▶ Goal of the exercise
For this task, copy all of the data below exactly and skip the pictures.

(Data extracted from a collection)
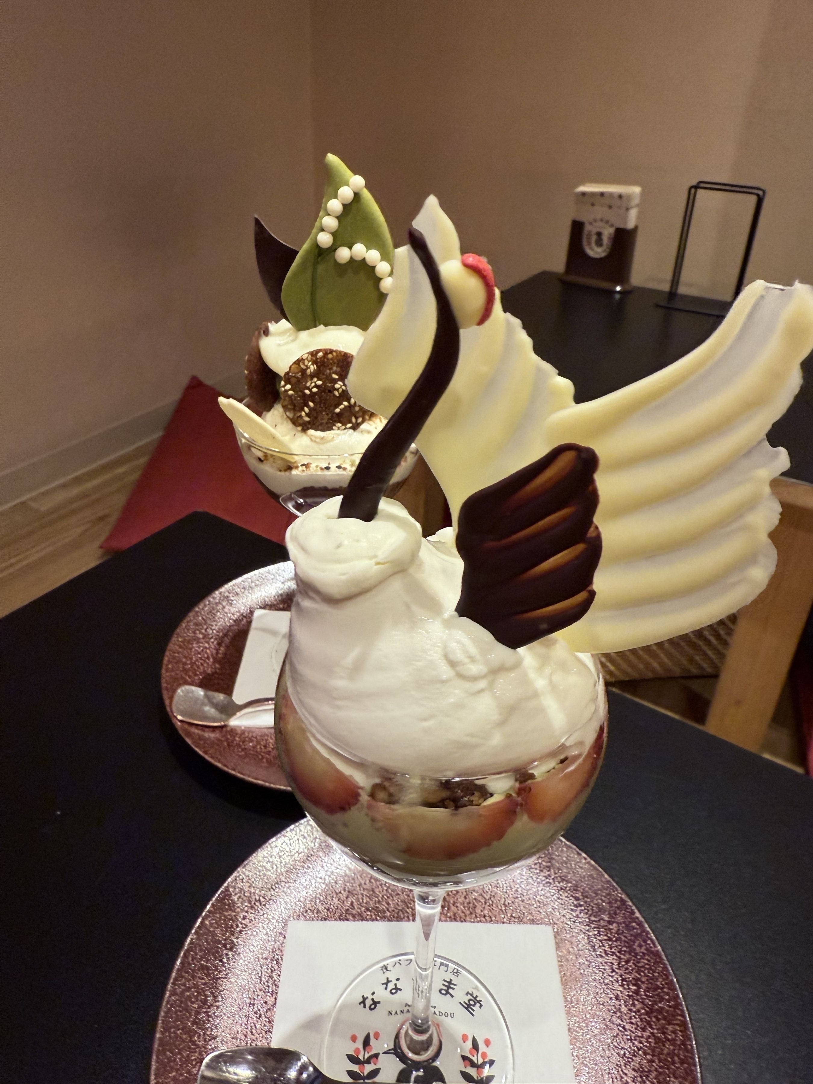 午後からは、札幌に来たら外せない「シメパフェ」文化を体験しに「ななかま堂」へ。和の趣がある店内で運ばれてきたパフェは、もはや芸術作品。初めて訪れた彼女も「食べるのがもったいない…」とシャッターが止まりません。
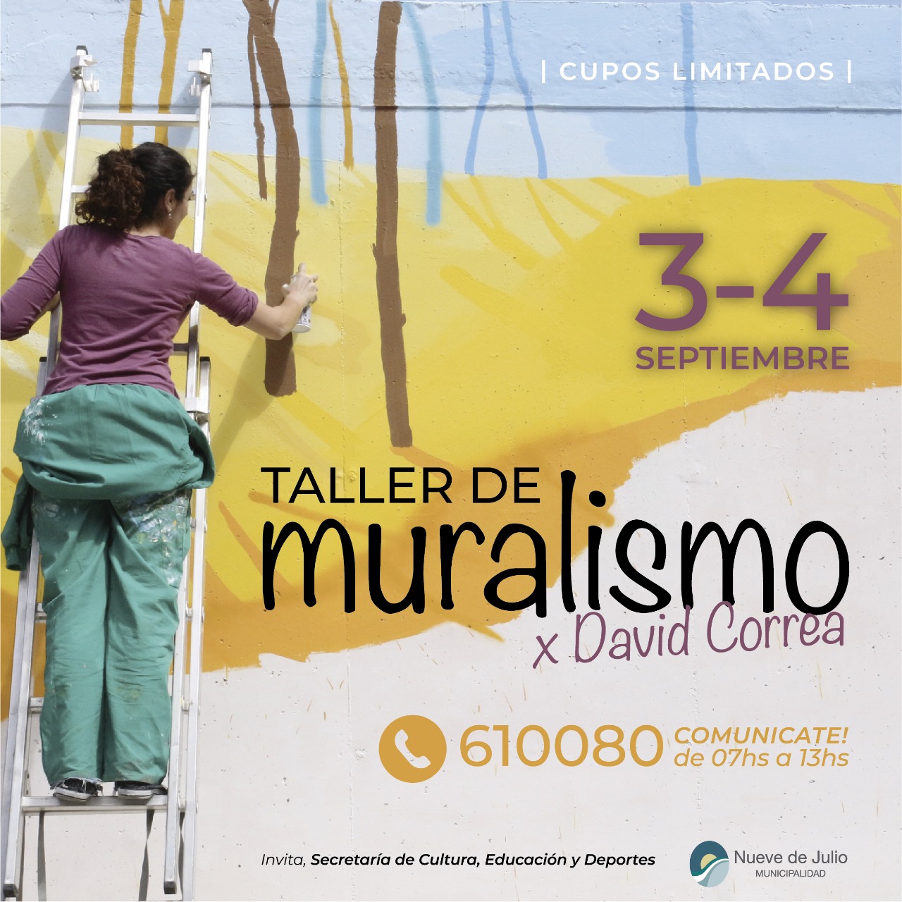 La Dirección de Cultura de la Municipalidad de Nueve de Julio dará continuidad al taller de muralismo, iniciado semanas atrás, el que tendrá lugar los días sábado 3 y domingo 4 de septiembre, a cargo de David Correa.
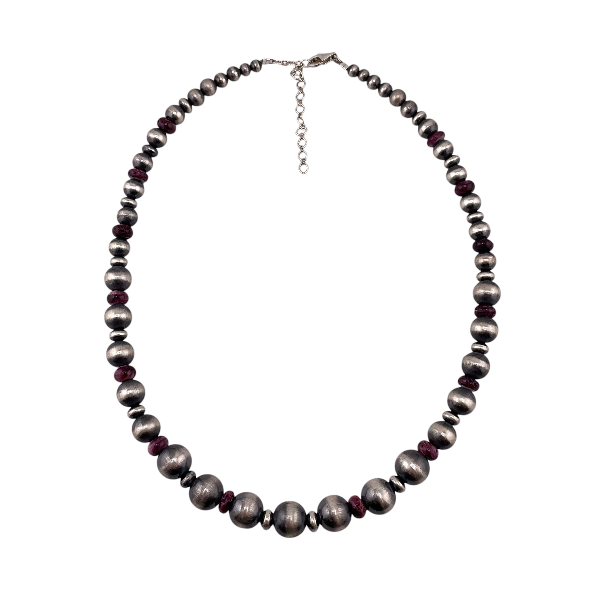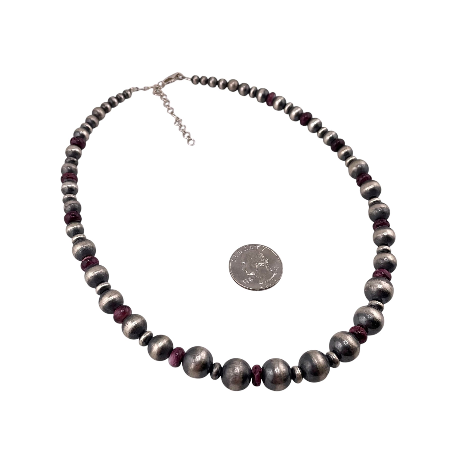 Purple Spiny Oyster Desert Pearl Graduated Mixed Bead Necklace Sterling Silver
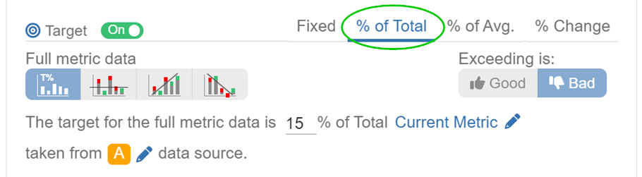 This target type empowers you to define a numeric percentage value of your choosing, based on the total of the current or any other metric. Additionally, you have the flexibility to select the data source from which this metric is extracted.
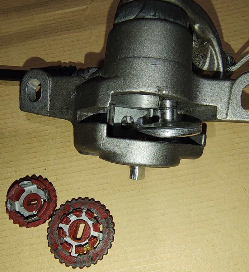 と言うわけで、分解は稼働ピストン側中心に行っていきます。ある程度ばらしたところで内周にスプラインが入っており、特殊工具が無いと無理な感じなので分解は断念しました。とりあえず分かったことは、パッドに接触している第2ピストンが外れている感じです。なぜか稼働側ピストンが2段構成になっており、稼働ピストンが直接パッドを押す形にはなっていませんでした。パッドの接触を均一にするための細工がしてあるっぽい?
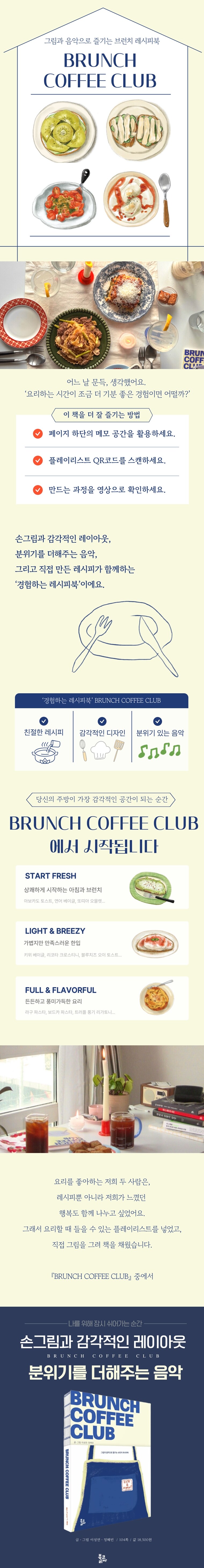느긋한 주말 아침, 커피를 내리고 브런치를 차리며 나만의 시간을 보내고 싶은 이들을 위한 감성 레시피북.《브런치 커피 클럽》은 요리를 좋아하는 두 친구가 기획부터 요리, 그림, 디자인, 음악까지 직접 손으로 완성한 ‘경험하는 레시피북’이다.
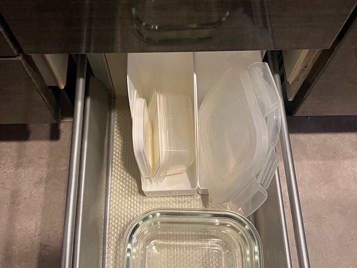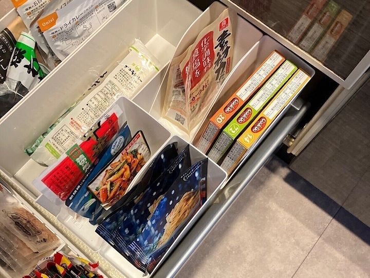 調味料やパスタソースなどの袋を立てることができました。パッとみてわかりやすいです。引出しの中で積み重なって埋もれて、忘れてしまったり期限が切れてしまったりということも防げます。
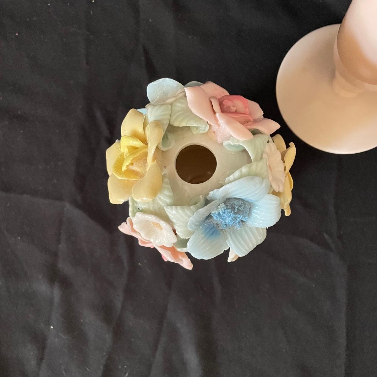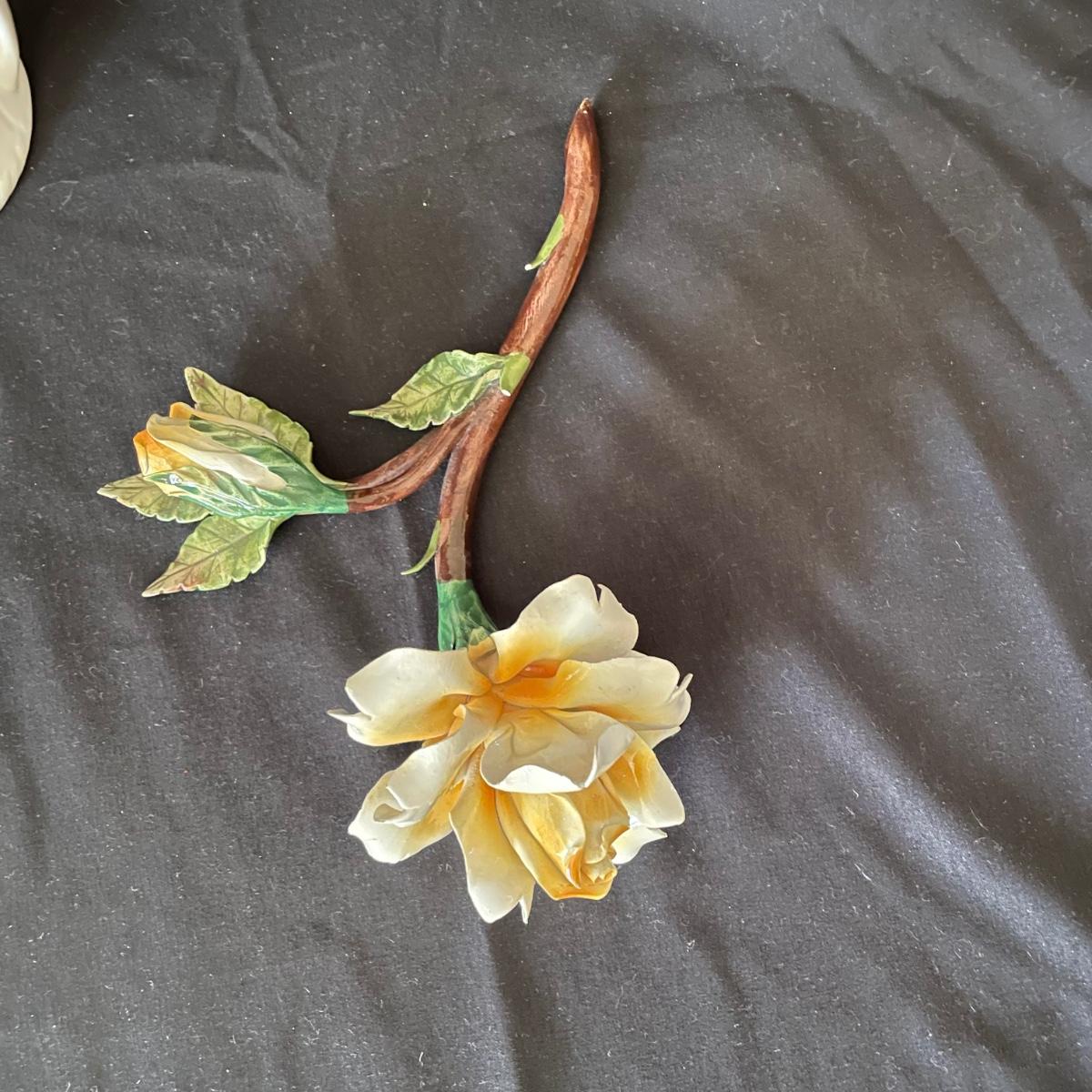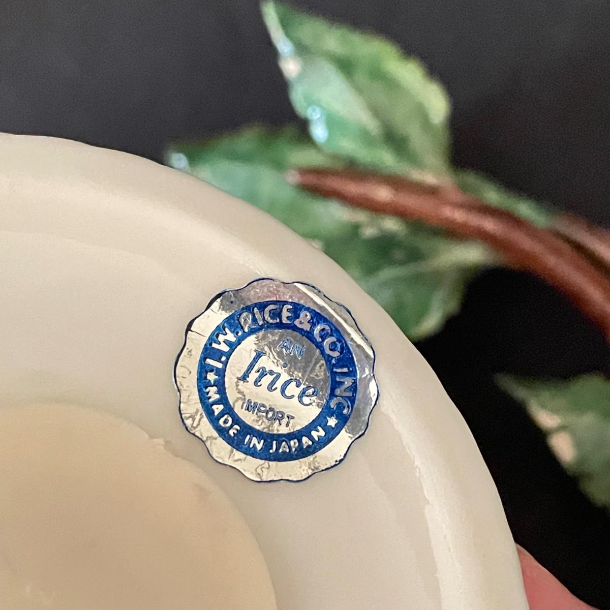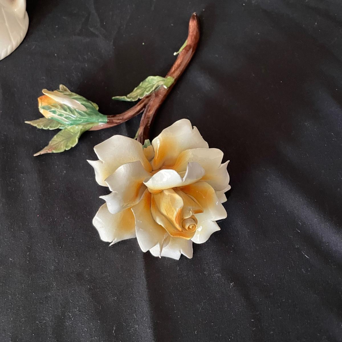 An opaque pink glass trumpet vase along with three pretty porcelain flower arrangements and Victorian Trading Co silver metal tape measure. The tape measure comes with its original box which measures 3.5”SQ x 1.5”H. The Irice watering can bud vase has a drainage hole with a plug. The other two porcelain flower have no known markings. The two-stem yellow/orange rose is about 8” long and has some very tiny chips, see photos. The 12” tall trumpet vase also has no known markings. See images. Shipping available.
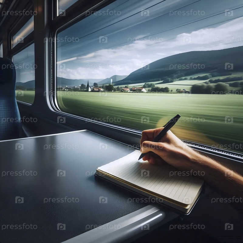 Одинокий писатель находит вдохновение во время поездки на поезде, записывая свои мысли в блокноте против размытого пейзажа, Ai generated image
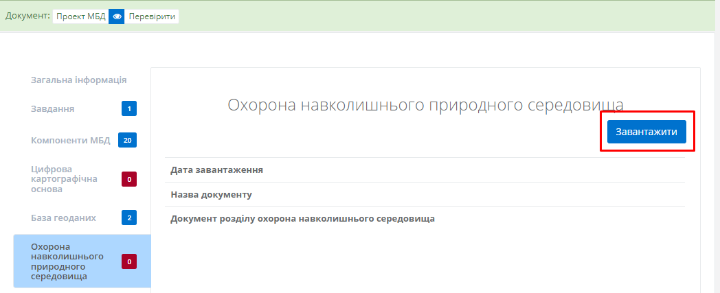Вкладка містить відомості про розділ охорони навколишнього природного середовища проекту МБД (Рисунок 36) який необхідно додати, натиснувши кнопку “Завантажити”:
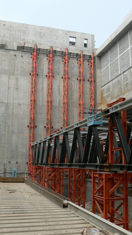 The climbing jacksl lifted against a temporary extension beam which cantileved from the end of each truss. Afrter each section of the roof structure was lifted into its final position, infill members were connected between the end of the truss and the permanent bearing plates previously cast in to the concrete walls. The load was then released from the climbing jacks.
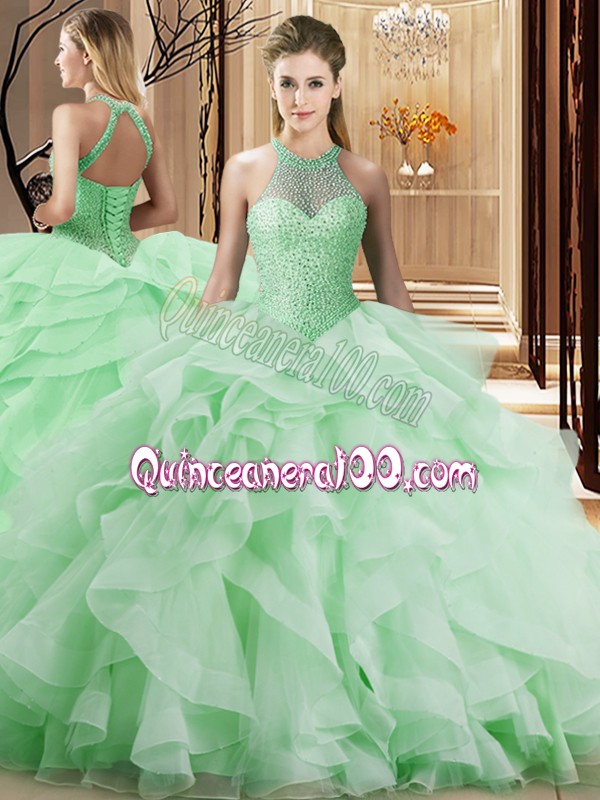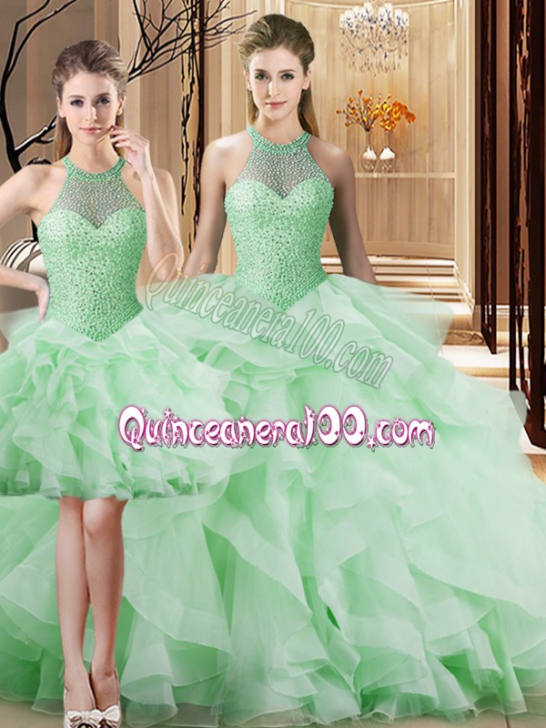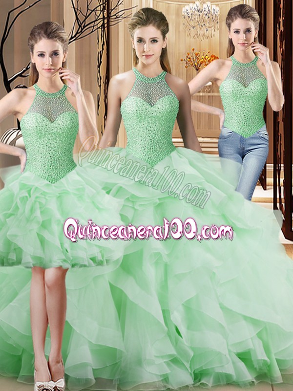 Neckline : Halter top Shown Color : Apple Green Silhouette : Three Pieces Sleeve Length : sleeveless Back Detail : Lace up Fabric : Organza Embellishment : Beading,Ruffles Occasion : Sweet 16,Quinceanera Season : Spring,Summer,Fall,Winter

▶ Answer below
 午後からは、札幌に来たら外せない「シメパフェ」文化を体験しに「ななかま堂」へ。和の趣がある店内で運ばれてきたパフェは、もはや芸術作品。初めて訪れた彼女も「食べるのがもったいない…」とシャッターが止まりません。
 La Dirección de Cultura de la Municipalidad de Nueve de Julio dará continuidad al taller de muralismo, iniciado semanas atrás, el que tendrá lugar los días sábado 3 y domingo 4 de septiembre, a cargo de David Correa.
 Purple Spiny Oyster Desert Pearl Graduated Mixed Bead Necklace Sterling Silver
 This target type empowers you to define a numeric percentage value of your choosing, based on the total of the current or any other metric. Additionally, you have the flexibility to select the data source from which this metric is extracted.
 と言うわけで、分解は稼働ピストン側中心に行っていきます。ある程度ばらしたところで内周にスプラインが入っており、特殊工具が無いと無理な感じなので分解は断念しました。とりあえず分かったことは、パッドに接触している第2ピストンが外れている感じです。なぜか稼働側ピストンが2段構成になっており、稼働ピストンが直接パッドを押す形にはなっていませんでした。パッドの接触を均一にするための細工がしてあるっぽい?
느긋한 주말 아침, 커피를 내리고 브런치를 차리며 나만의 시간을 보내고 싶은 이들을 위한 감성 레시피북.《브런치 커피 클럽》은 요리를 좋아하는 두 친구가 기획부터 요리, 그림, 디자인, 음악까지 직접 손으로 완성한 ‘경험하는 레시피북’이다.
 調味料やパスタソースなどの袋を立てることができました。パッとみてわかりやすいです。引出しの中で積み重なって埋もれて、忘れてしまったり期限が切れてしまったりということも防げます。
 An opaque pink glass trumpet vase along with three pretty porcelain flower arrangements and Victorian Trading Co silver metal tape measure. The tape measure comes with its original box which measures 3.5”SQ x 1.5”H. The Irice watering can bud vase has a drainage hole with a plug. The other two porcelain flower have no known markings. The two-stem yellow/orange rose is about 8” long and has some very tiny chips, see photos. The 12” tall trumpet vase also has no known markings. See images. Shipping available.
 Одинокий писатель находит вдохновение во время поездки на поезде, записывая свои мысли в блокноте против размытого пейзажа, Ai generated image
Вкладка містить відомості про розділ охорони навколишнього природного середовища проекту МБД (Рисунок 36) який необхідно додати, натиснувши кнопку “Завантажити”:
 The climbing jacksl lifted against a temporary extension beam which cantileved from the end of each truss. Afrter each section of the roof structure was lifted into its final position, infill members were connected between the end of the truss and the permanent bearing plates previously cast in to the concrete walls. The load was then released from the climbing jacks.
 Neckline : Halter top Shown Color : Apple Green Silhouette : Three Pieces Sleeve Length : sleeveless Back Detail : Lace up Fabric : Organza Embellishment : Beading,Ruffles Occasion : Sweet 16,Quinceanera Season : Spring,Summer,Fall,Winter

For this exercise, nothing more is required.